An improved understanding of the effects of regulation on small businesses will help lawmakers develop policy designed to advance entrepreneurship, according to a new RAND Corporation report.
The Kauffman-RAND Institute for Entrepreneurship Public Policy report provides an overview of the ways that regulation and the legal system can discourage or encourage the entrepreneurial spirit. It also examines how specific regulations in four key areas -- health insurance, workplace safety, corporate governance and business organization -- have affected small business.
Small businesses (those with fewer than 500 employees) are an important feature of the U.S. political and economic landscape, accounting for almost half of all gross revenues generated by U.S. business, employing half of all private-sector workers and generating 60 percent to 80 percent of net new jobs.
It is vital to consider how the legal and regulatory environment influences small businesses and the ways in which that influence differs from that on large businesses, said Susan Gates, director of Kauffman-RAND Institute.
Unfortunately, some regulations place a disproportionate burden on small businesses, said Gates, a senior economist at RAND, a nonprofit research organization. At the same time, exemptions and other special regulatory treatment for small businesses designed to ease this burden dont always work.
Studies from the first three years of the of Kauffman-RAND Institutes research are summarized in the new report, In the Name of Entrepreneurship" The Logic and Effects of Special Regulatory Treatment for Small Businesses.

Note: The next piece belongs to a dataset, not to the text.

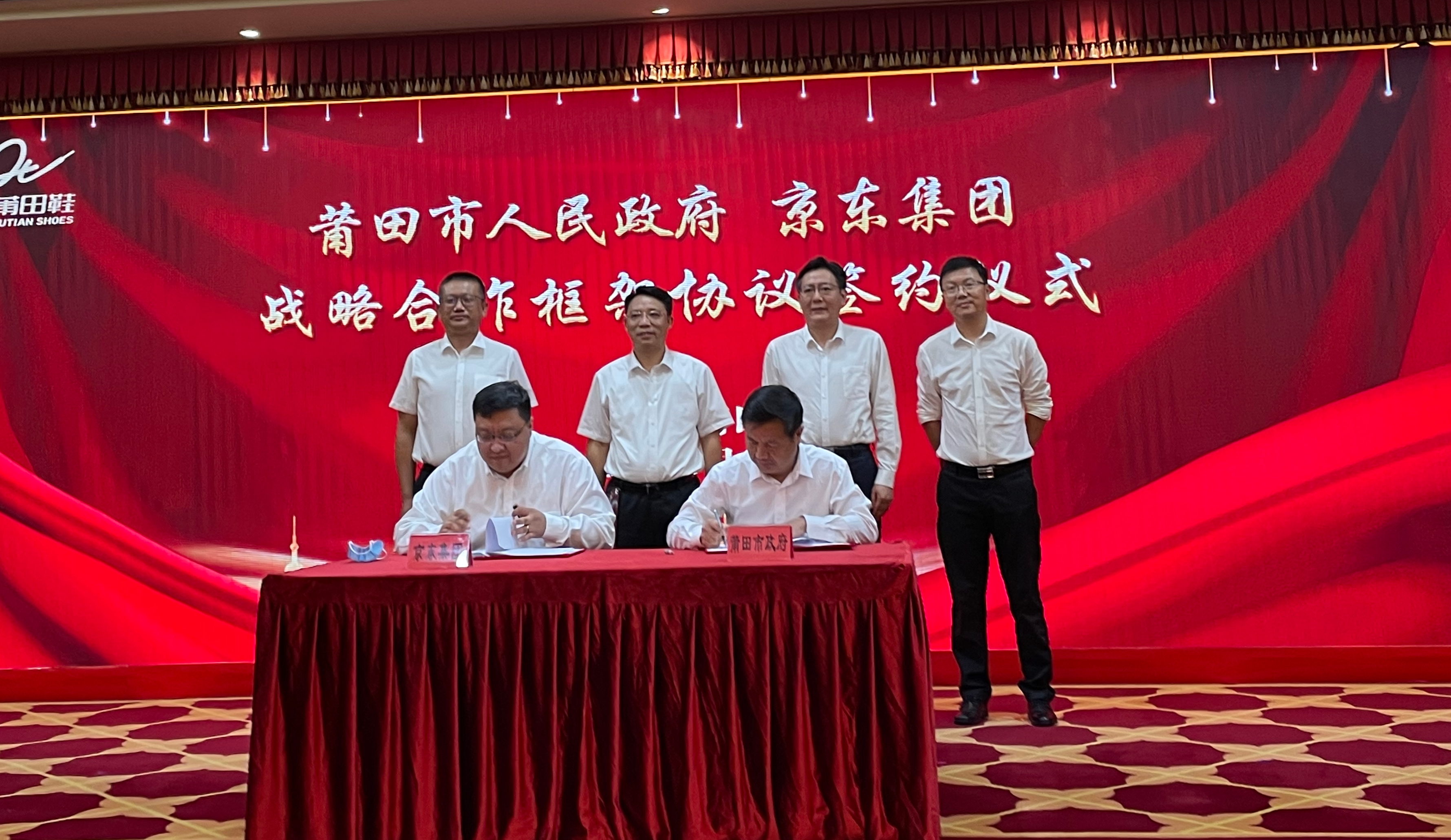 福建日报APP—新福建 8月5日讯(记者 沈琳)8月5日,莆田市人民政府与京东集团战略合作框架协议签订暨“莆田鞋”集体商标授权系列签约仪式举行。市委书记刘建洋,市委副书记、代市长林旭阳,京东集团副总裁孙志祥,市委副书记朱子君,常务副市长傅冬阳,市政府秘书长吴宗兴等出席签约仪式。

The report finds that the regulatory environment affects small business differently from the way it affects large ones, sometimes leading to unintended negative consequences.
For example, the research found no evidence that state health-insurance mandates designed to expand access to health insurance for small businesses have actually increased their ability to offer benefits or reduced their insurance premiums.

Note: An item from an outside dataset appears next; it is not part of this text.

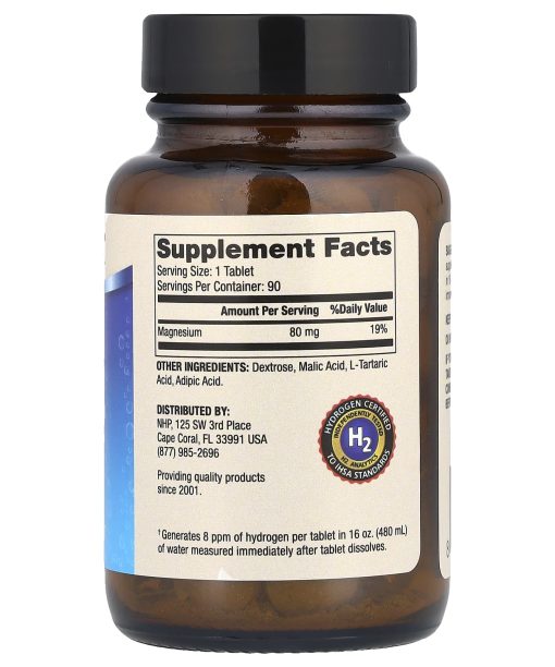 Generates 8 PPM of Hydrogen Per Tablet†Dietary SupplementHydrogen Certified to IHSA Standards – Independently Tested H2 AnalyticsProviding quality products since 2001.† Generates 8 PPM of hydrogen per tablet in 16 oz (480 mL) of water measured  immediately after tablet dissolves.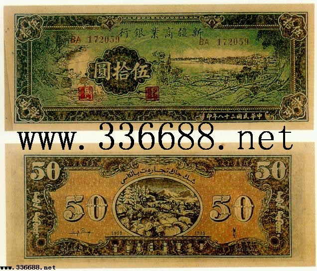 [图文]新疆商业银行民国28年(1939)   50元         ★★★

Moreover, the study provides evidence that some small businesses added an employee or two in order to avoid having to purchase health insurance in the more highly regulated market that was intended to benefit these very businesses.
Researchers found that regulations can have both positive and negative effects on smaller businesses, and that regulations are not always systematically bad for entrepreneurs. For example, a review of the evidence on the response of large and small businesses to the Sarbanes-Oxley Act suggests that it has had a mixture of positive and negative effects on small businesses.
Research from the Kauffman-RAND Institute for Entrepreneurship Public Policy suggests possible directions for future policy that achieves a better balance between the interest in restricting business behavior through regulation and the desire to encourage small businesses and entrepreneurs.
For example, one study summarized in the report suggests that health and safety enforcement efforts, rather than treating all small establishments in the same way, might instead target the riskiest small enterprises. The study suggests regulators focus on medium-sized businesses (20 to 999 employees), which were found to have the highest rate of fatal workplace accidents among small establishments.